5:30 am my daughter called from Miami, was first as she'd hoped she'd be, to wish me happy mothers' day. I had awakened to my husband running downstairs, his phone ringing, or whatever it is is cellphone does. She's at the beach for as long as possible, she said. I've got that caul of melancholia this morning, and I shouldn't have looked at my poems, but I did, and I am so much less smart than I thought I'd grow up to be. How is it I can read other people's poetry and hum and reverberate with their music then open my mouth and grunt? Nobody cares about my poems about trying and failing. I don't care about my poems about trying and failing, or just leaving out the middle person, the one who works and works, and just going directly to the failure. Nobody cares. Maybe, now that sun, real, direct sun with no clouds between it and me, has blared up above the white house across the alley, the one with the chickens, I will face my face into the light and celebrate this sunny Sunday morning. Jim took off on his motorcycle a few minutes ago. He and his brother are taking their mother out to breakfast at Salmon Bay Cafe. I read a review this morning, looking for the phone number, by Rachel Kestler, who I know. Woo Hoo!
The rhododendron bud clusters are checkered, the hot pink of the flowers beginning to pull free from the yellowish sepals. Some of them look like fat asparagus heads. It is the season of the fat asparagus. I could eat it every every day.

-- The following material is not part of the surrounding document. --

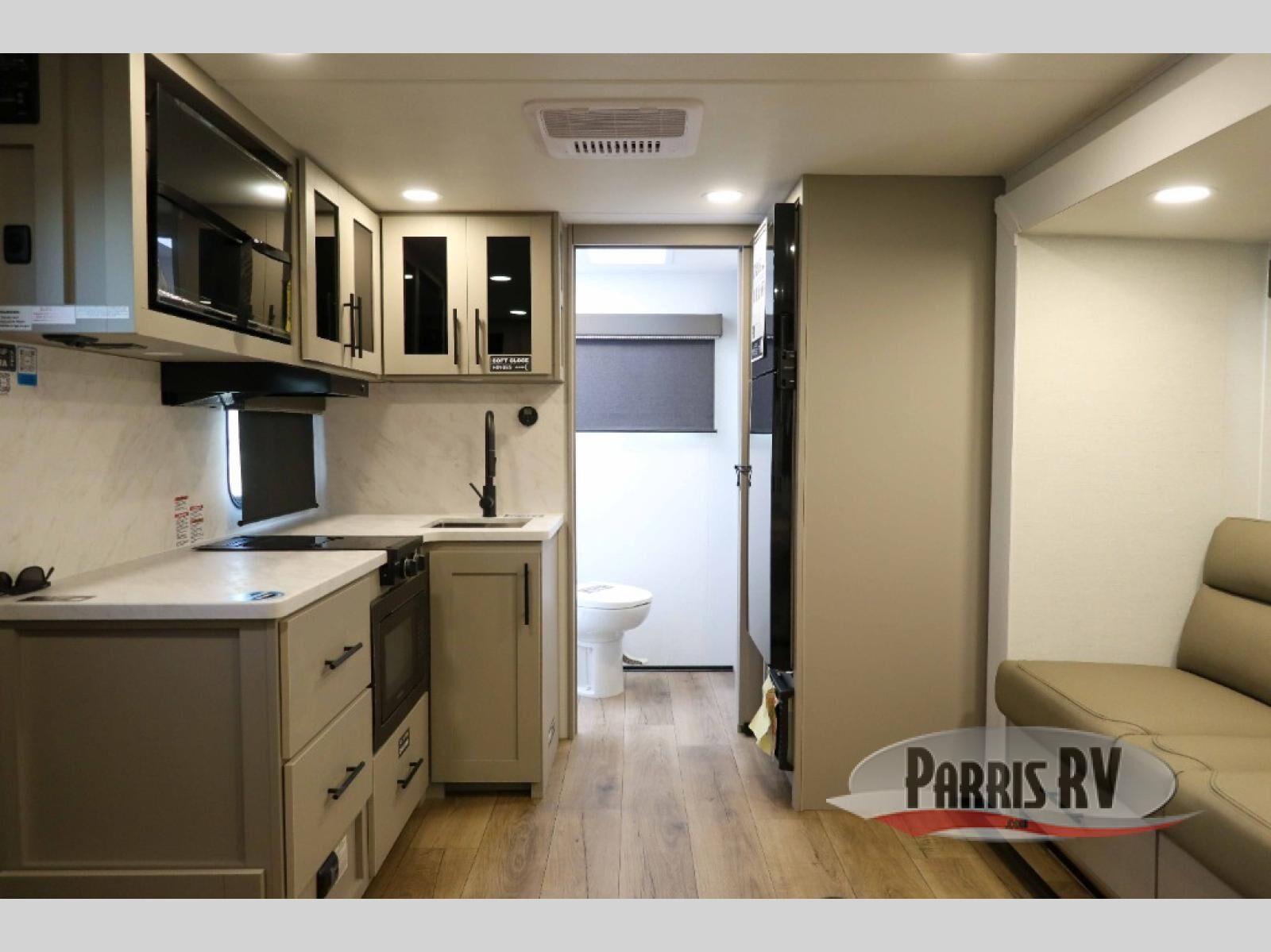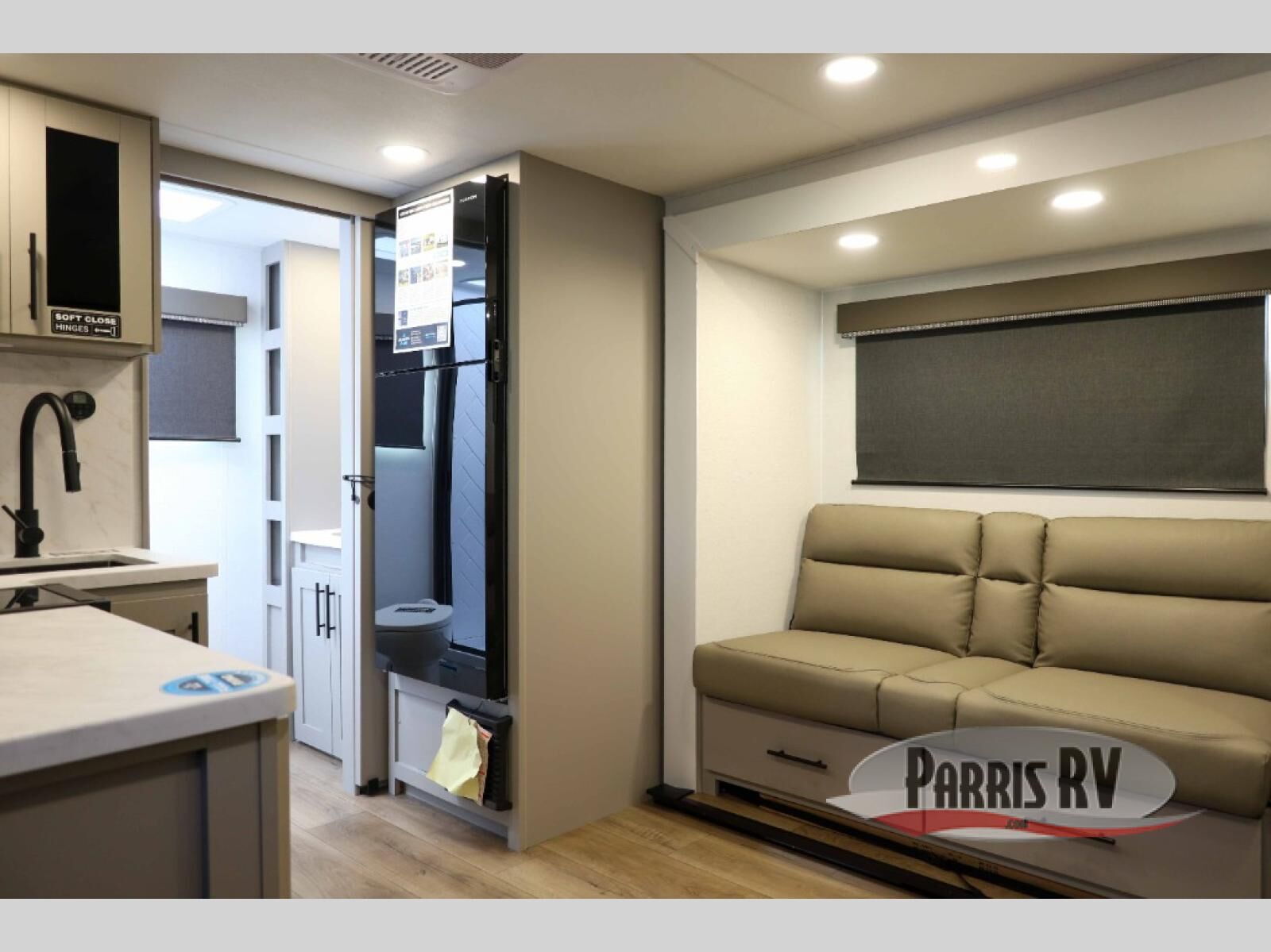 Enter this thoughtfully designed trailer through the 28" entry and step into a space that blends comfort and functionality. At the front, a 60" x 80" queen bed offers restful sleep, complete with a wardrobe at the foot and overhead storage. The center features an L-shaped kitchen equipped with a sink, 2-burner cooktop, overhead cabinets, and a 32-inch TV, while directly across, a 10-cu. ft. refrigerator and a slide out with a 60" jackknife sofa maximize space and convenience. At the rear, enjoy a full bathroom with a 30" x 36" shower, toilet, sink, linen shelves, and additional overhead storage making this compact trailer feel like home wherever you go.

A dog that looked like a fox just ran down the alley a dog that looked like a tall fox with a non fox tail. Could it be a coyote? there are at least two coyotes who live in the Arboretum almost across the street, it is early Sunday morning. It trotted past in the direction of the Arboretum. Is she or he the one responsible for knocking over the trash cans closer to 33rd?

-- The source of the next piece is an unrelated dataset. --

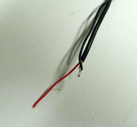 trim the blue wire to length. Remove the insulation from both Twist, solder together, then slide the tubing in place and shrink. |

I haven't done a thing to save the Quaking Aspen. Last year their leaves turned completely black and fell like hundreds of pirate eyepatches. They are horribly aphid-infested and need
to have aphid-killing stakes pounded into their hearts. I have gone flaccid in the face of calling someone to do this. You cannot buy these stakes at the garden store. This is a job for professionals. I know the trees are in danger for their lives and yet I do nothing. This is my confession.